Show HN: Journal to Music Making AI App - suyash
https://deardiary.ai
======
suyash
Check out his app we made recently as part of Google Magenta & Gray Area Music
AI Hackathon. DearDiary is one of the winning apps that uses novel interaction
and AI to compose music as you type. It invites you to slow down and share
your thoughts in a musical way.

Feel free to ask any questions and share with others your creations :)

Listen to it here :
[https://deardiary.ai/entry/SgJfq1mr1aVUp1p1w8MP](https://deardiary.ai/entry/SgJfq1mr1aVUp1p1w8MP)

------
gentlereturn
Hi everyone, Devin here. Stephen, Suyash, and I built Dear Diary for the
Bitrate Hackathon in hopes of encouraging more people to journal. Journaling
is proven to alleviate stress, depression, and anxiety. Also as a long time
songwriter and music teacher myself, I love helping more people feel musical.

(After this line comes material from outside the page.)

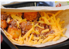
Beef & Potato Wrap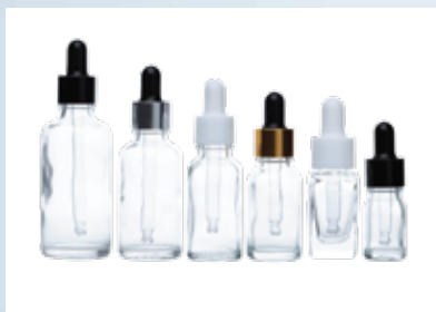
Glass dropper bottles

We used Google's Magenta tools and NLP to help users create music as they
type.

Share something you built with us, and feel free to ask us any questions,
cheers!

[https://deardiary.ai/entry/y94GPozBFY8Rpp3xpsjh](https://deardiary.ai/entry/y94GPozBFY8Rpp3xpsjh)

------
nicolliflower
[https://deardiary.ai/entry/tnsi1vzVhgth8jFdxMBk](https://deardiary.ai/entry/tnsi1vzVhgth8jFdxMBk)

I love this!!! So cool and creative.

------
courtneyweeh
I love this idea and I like that I can share the entries/unique songs with my
partner...it’s the only way I’ll ever be able to create something musical
(that sounds good)!

------
jingjing2010
I like this project. The way of using character generating piano note is
awesome. The graphic of tree remind me of memory.

------
please_rewind
Pretty cool app! Excited to see where this goes :)